September 28, 2009

One of the wheezes I get from my leftist friends in Berkeley is how highly evolved their sense of morality is, as if 21st-century Berkeley were some New Jerusalem of higher moral thought. These are folks who calibrate their exquisitely sensitive moral barometers with a protractor made from renewable soy plastic, a straight edged icon with Germaine Greer‘s photograph in it, graph paper and a copy of the New York Times Editorial Section. You may get a chuckle out of this, especially after looking at some photographs of the local color, but if you are forced to watch the type of agonies such people have over the purchase of the correct varieties of Free Range Organic Cruelty-Intolerating Pasta the way I have, you might begin to suspect there is something to what they say. Fortunately, I am equipped with a modest education in history which confers immunity to such nonsense.

About 1500 years ago, there was an advanced civilization known as the Sassanid empire. We generally think of them as “Persians” or “Iranians right before Islam.” Of earthly civilizations of their day, they were among the most advanced.
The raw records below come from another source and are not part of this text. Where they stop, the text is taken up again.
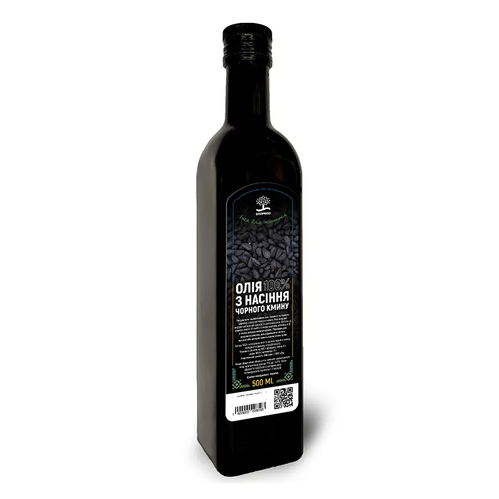 Олія чорного кмину — це унікальний природний антибіотик та найпотужніший імуностимулятор. Виготовлена методом першого холодного пресування з відбірного насіння, вона зберігає високу концентрацію тимохінону — активної речовини, що має протизапальну, антибактеріальну та протипухлинну дію. Олія має характерний терпкий, пряний смак з легкою гірчинкою та сильний аромат.
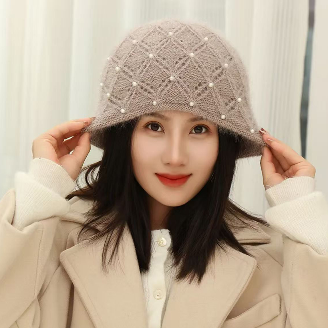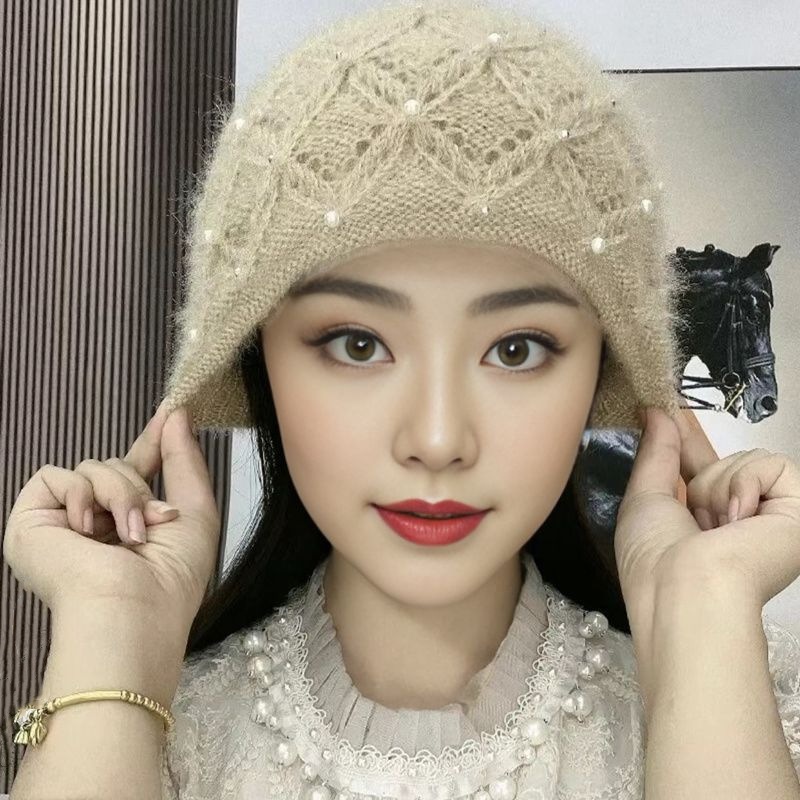手工双层保暖针织帽时尚珍珠头套护耳包头帽堆堆帽简约冬季帽子女
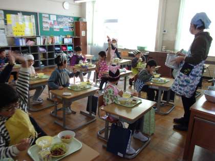 1月12日(水) もぐもぐタイム その2 公開日 2022/01/12 更新日 2022/01/12 朝日小学校NEWS 食欲旺盛!たくさん食べることはとても大切です。 おかわりの手がたくさん挙がっています。 昼のオンライン放送はもうすっかり定着しています。それぞれの教室で、静かに黙食しながら、耳と心、情報はつながっています。 体育担当から、技セブンについてのお知らせがありました。体育タイムで、チャレンジしていきましょう。

Their armies regularly defeated the Romans, Byzantines, Huns, and everyone else they went up against. The empire was much larger than present day Iran, it encompassed much of what we now know as the Middle East, Afghanistan, parts of Turkey, Pakistan, Armenia, Azerbaijan, North Africa and even parts of modern Russia.

They had a powerful and helpful civil service. People who lived in the Sassanid Empire enjoyed fruits of prosperity that had been rare in human history before the industrial revolution. By all accounts, the Sassanid Empire was a pleasant, prosperous, tolerant, and wonderful place to live. If I had to choose to live someplace in 500 AD, I’d have to go with the Sassanids. The Western Roman Empire had fallen to the German barbarians, and other than poor Belisarius; the Eastern empire was a wreck, too. China was being invaded by Mongols and was split into a low-level civil war between Buddhist and Taoist camps. Korea divided in one of its interminable civil wars between North and South, and Japan was doing no better. I’m not sure anyone knows what people were up to in the Americas, probably eating each other.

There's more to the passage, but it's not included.